[RAW DATA]

=== Section Start ===

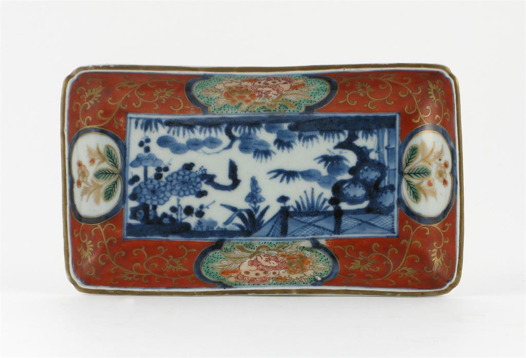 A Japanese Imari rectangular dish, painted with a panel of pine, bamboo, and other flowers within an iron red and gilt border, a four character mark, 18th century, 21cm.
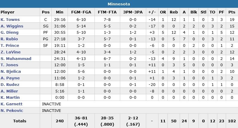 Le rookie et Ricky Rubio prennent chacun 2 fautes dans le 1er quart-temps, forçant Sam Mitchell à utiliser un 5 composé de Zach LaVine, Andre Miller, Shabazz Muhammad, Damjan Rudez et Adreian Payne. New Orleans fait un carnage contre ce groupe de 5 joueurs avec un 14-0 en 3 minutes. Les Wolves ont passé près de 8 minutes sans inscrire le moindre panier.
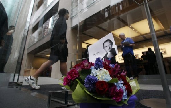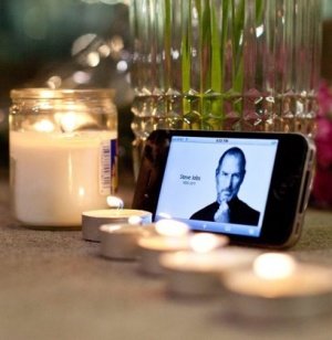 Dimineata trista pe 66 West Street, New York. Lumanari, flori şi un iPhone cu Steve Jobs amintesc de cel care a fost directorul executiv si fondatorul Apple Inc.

=== Section End ===

[INSTRUCTIONS FOR THE TASK]
The exact lines from the beginning of the data through the one that contains "Le rookie et" must be given again, both ends included, and pictures must be left out.

[EXERCISE RESULT]
 A Japanese Imari rectangular dish, painted with a panel of pine, bamboo, and other flowers within an iron red and gilt border, a four character mark, 18th century, 21cm.
 Le rookie et Ricky Rubio prennent chacun 2 fautes dans le 1er quart-temps, forçant Sam Mitchell à utiliser un 5 composé de Zach LaVine, Andre Miller, Shabazz Muhammad, Damjan Rudez et Adreian Payne. New Orleans fait un carnage contre ce groupe de 5 joueurs avec un 14-0 en 3 minutes. Les Wolves ont passé près de 8 minutes sans inscrire le moindre panier.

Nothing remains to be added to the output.